Health Library · Respiratory & Infection

Flu symptoms

Also called: influenza, seasonal flu

Overview

Influenza is a viral respiratory illness that hits fast. Unlike a common cold that creeps up, the flu typically arrives within hours: high fever, deep body aches, exhaustion, and a dry cough are the hallmark combination. Most healthy adults recover in 5–7 days, though cough and fatigue can linger 2 weeks.

Symptoms to watch for

  • Fever of 100–104°F, often with chills
  • Body aches and headache — often severe
  • Extreme fatigue that keeps you in bed
  • Dry cough and sore throat
  • Runny or stuffy nose
  • Nausea or vomiting (more common in kids)

What else could this be?

  • Common cold — milder, gradual, no severe body aches
  • COVID-19 — loss of taste/smell more common, requires testing to distinguish
  • Strep throat — throat pain dominates, no cough
  • RSV — wheezing more prominent, especially in older adults

How it's diagnosed

A clinician can usually diagnose the flu clinically during flu season based on symptoms and timing. Rapid flu tests (nasal swab) confirm the diagnosis and guide antiviral decisions, especially if you're within 48 hours of onset or at high risk.

Treatment

Antivirals (oseltamivir/Tamiflu, baloxavir/Xofluza) can shorten flu by ~1 day and reduce complications if started within 48 hours.

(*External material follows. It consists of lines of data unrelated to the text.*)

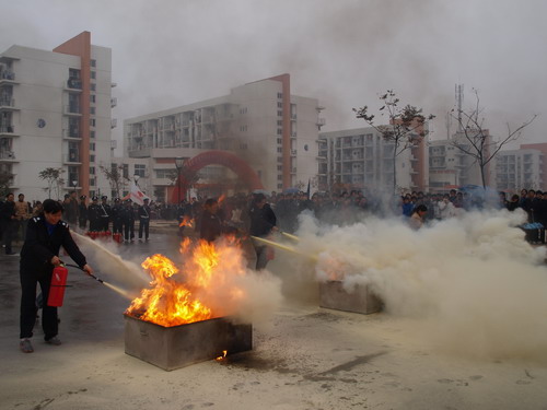 在消防演練最后階段,學(xué)院義務(wù)消防隊員、宿舍管理員在消防員的指導(dǎo)下也進(jìn)行了初起火災(zāi)撲救演練。
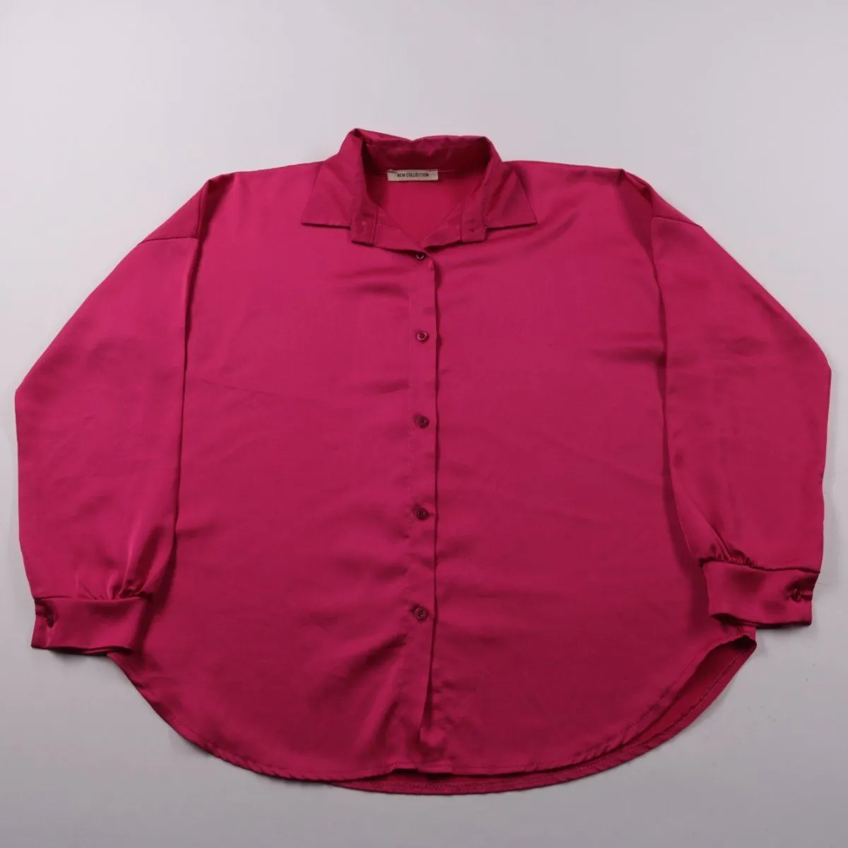 Блузка New Collection насыщенного розового цвета с отложным воротником и застёжкой на пуговицы. Подойдёт для офиса и повседневных образов, можно носить навыпуск благодаря удлинённой округлой спинке. Ткань выглядит гладкой и слегка струящейся, удобно комбинируется с брюками и юбками.
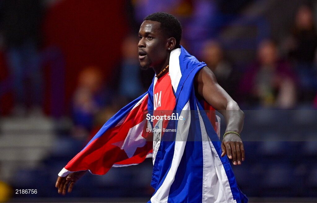 18 March 2022; Lázaro Martínez of Cuba, celebrates winning the men's triple jump during day one of the World Indoor Athletics Championships at the Štark Arena in Belgrade, Serbia. Photo by Sam Barnes/Sportsfile
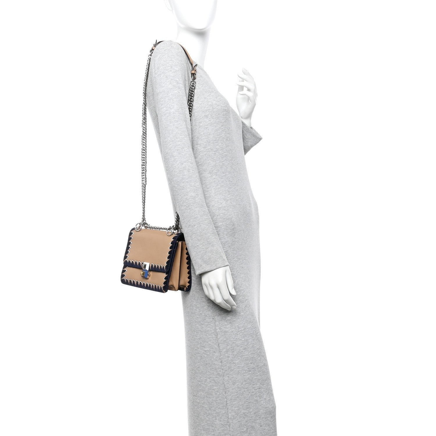 The Small Kan I is a structured and sophisticated shoulder bag that serves as a canvas for Fendi’s boldest creative expressions. This exceptional iteration is crafted from Vitello Liberty Lucido a premium, high-shine (glossy) calfskin leather in the classic Cuoio tan hue.
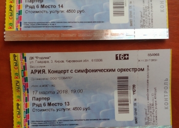 Продаю 2 билета в Родину (г.Киров) на гр.Ария на 17.03.2018 в 19.00. Билеты на самые дорогие места.
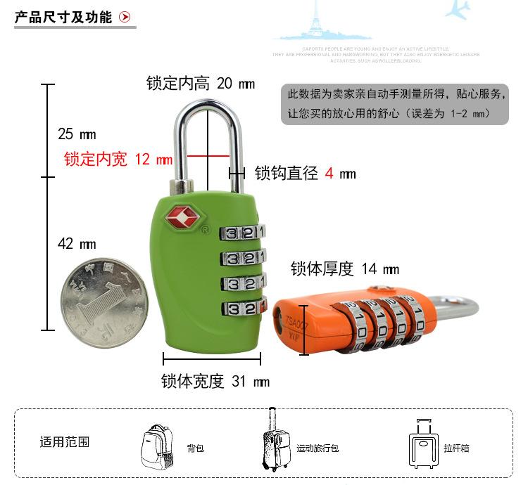 Cerradura Aduanera TSA Viaje al Extranjero TSA007 Aprobada Cerradura para Equipaje Código de Bloqueo para el Extranjero
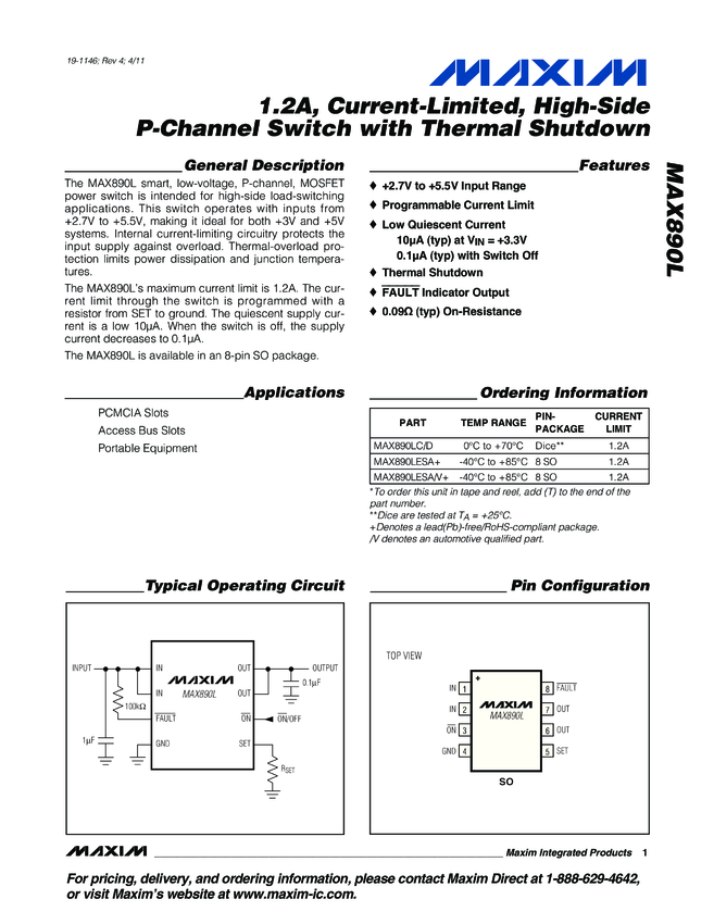 MAX890, MAX890L 1.2A, Current-Limited, High-Side P-Channel Switch with Thermal Shutdown

Otherwise: fluids, acetaminophen or ibuprofen for fever, rest, and isolation. High-risk patients (pregnant, over 65, immunocompromised, chronic lung/heart disease) benefit most from antivirals.

When to book a visit

If it's been under 48 hours since symptoms started, book today — antivirals work best early. Also book if you're high-risk or symptoms are severe.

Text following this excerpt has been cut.